Chukwuyere Izuogu is the Legal Counsel – Telecommunications Sector for CEON
The Com World Series team caught up with Chukwuyere ahead of the NigeriaCom conference and exhibition, taking place at the Lagos Oriental Hotel, Lagos, Nigeria, 17-18 September to find out a bit more about his experiences and focus at the event
Com World Series: How is your company positioned in Nigeria and what are its future objectives?
Consumers Empowerment Organisation of Nigeria (CEON) is a research-based advocacy Non-Governmental and Not-Profit making Consumer Advocacy Group established in 1995 to strengthen Consumer Protection and Competition Regimes in Nigeria.
For over 15 years, CEON has been carrying-out activities in its two core areas (Consumer Protection and Monitoring Anti-competitive Practices) in Nigeria through Research, Advocacy, Awareness Raising, Networking and Collaboration with the relevant stakeholders and Government Agencies. CEON currently enjoys good working relationship with select Federal Government Agencies like the Nigerian Communications Commission (NCC), Consumer Protection Council (CPC) and Federal Ministry of Trade & Investment (FMT&I). CEON also have good visibility among International Donor Agencies like: DFID; IDRC Canada; ECOWAS Commission, Abuja; Ministry of Foreign Affairs Canada; DFID-ENABLE Nigeria, DFID-GEMS3 Nigeria among other donor agencies.
Apart from our working collaboration with relevant local stakeholders and select Federal Government Agencies, CEON is also affiliated and a member of some select International Consumer Protection and Competition bodies like:UNCTAD Research Partnership Platform on Competition Law and Consumer Protection Policies (UNCTAD-RPP); Consumers International (CI) - The global campaigning voice for consumers with over 220 member organisations in 115 countries; African Consumer Protection Dialogue (the `African Dialogue) – an effort on behalf of African Government, NGOs, and the U.S. Federal trade Commission to create informal opportunities to interface with each other, the U.S. and the rest of the world on consumer protection issues; International Network of Civil Society Organisations on Competition (INCSOC) – A Coalition of 135 members from 61 Countries promoting a Healthy Competition Culture around the World; Network for Accountability of Tobacco Transnationals (NATT) - A Network of 98 Organisations from more than 50 countries in the World advocating a tough, enforceable Framework Convention on Tobacco Control (FCTC) and End Water Poverty – An international civil society coalition that campaigns to end the global water and sanitation crisis. The coalition has over 180 member organizations in 45 countries across Africa, Asia, Europe and North America.
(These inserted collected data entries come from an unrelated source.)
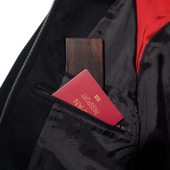 たとえばジャケットには、スマホポケット、名刺ポケット、ウォレット/パスポートポケット、ペン差しなどを配置。可能な限りシルエットに影響しないよう考え抜かれた機能的ポケットが、旅や出張を快適なものに変えます。
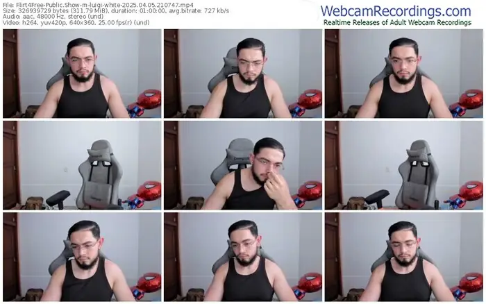 There are a total of 2,966 recordings (2,671 hours) of luigi-white from Flirt4Free available below.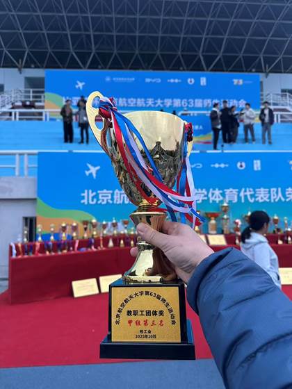 秋高气爽,丹桂飘香。在北京麻豆精品秘 国产传媒第63届师生运动会赛场上,北航资产公司代表队以昂扬斗志与卓越团队协作精神,在多个项目中斩获佳绩——荣获教职工团体奖甲组第三名,并同时将"最佳风尚奖""趣味比赛优胜奖"收入囊中,成为运动会上一道亮丽的风景线。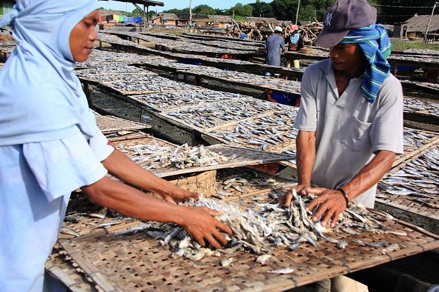 几十个晒鱼场工人,头顶烈日,忙忙碌碌。动作很慢,有说有笑,井然有序。老板来了,他们也不怕,依旧说笑。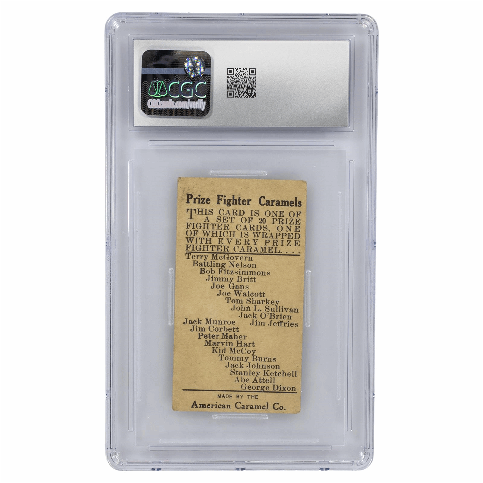 Product Details: 1910 E75 American Caramel Prize Fighters trading card featuring Stanley Ketchell. This unique collectible is encapsulated and graded in very good condition (3.5), ensuring its authenticity and preservation. The front showcases an illustrated portrait of Ketchell in a boxing stance, while the reverse provides historical context, noting that it’s part of a set of 20 cards issued with Prize Fighter Caramel candies. This card presents an exciting piece of boxing history for collectors and enthusiasts alike, encapsulating the early 20th-century sports culture. A must-have for anyone interested in boxing memorabilia or vintage card collections.

Com World Series: What do you think are the top 3 major trends that are affecting your business in the region in 2013?
The voice market appears to be nearing saturation in Nigeria, hence interest in data is on the increase. Several international submarine cables have landed in Nigeria, though middle-mile and last-mile connectivity remains a challenge for consumers to benefit from the untapped bandwidth.
Com World Series: What are the remaining challenges in terms of connectivity and quality of services in the region and which technologies are most likely to resolve these issues?
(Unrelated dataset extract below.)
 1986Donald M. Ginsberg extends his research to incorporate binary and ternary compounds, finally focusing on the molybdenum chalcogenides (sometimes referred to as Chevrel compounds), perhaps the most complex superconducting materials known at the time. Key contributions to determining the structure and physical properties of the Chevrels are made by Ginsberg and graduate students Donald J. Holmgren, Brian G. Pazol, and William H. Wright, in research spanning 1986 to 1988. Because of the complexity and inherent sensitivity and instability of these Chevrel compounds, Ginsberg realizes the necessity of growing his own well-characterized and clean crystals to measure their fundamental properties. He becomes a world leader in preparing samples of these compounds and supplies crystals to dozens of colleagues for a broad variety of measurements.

In the opinion of CEON, connectivity and quality of telecommunications services can be improved by mandating infrastructure sharing amongst licensees under the Communications Act. To this end, NCC should by rulemaking impose specific obligations on all licensees providing communications services to enter into infrastructure sharing agreements with competing licensees. This in CEON’s opinion will lower barriers to entry, facilitate network deployment and promote competition in the market for telecommunications services.
Also and most importantly, infrastructure sharing impacts positively on consumer welfare as the resultant savings may be passed on to consumers in the form of improved quality of service and decreasing prices consistent with the core object of CEON.
Com World Series: How are smartphones/tablets and cloud services impacting mobile/internet service providers in Nigeria?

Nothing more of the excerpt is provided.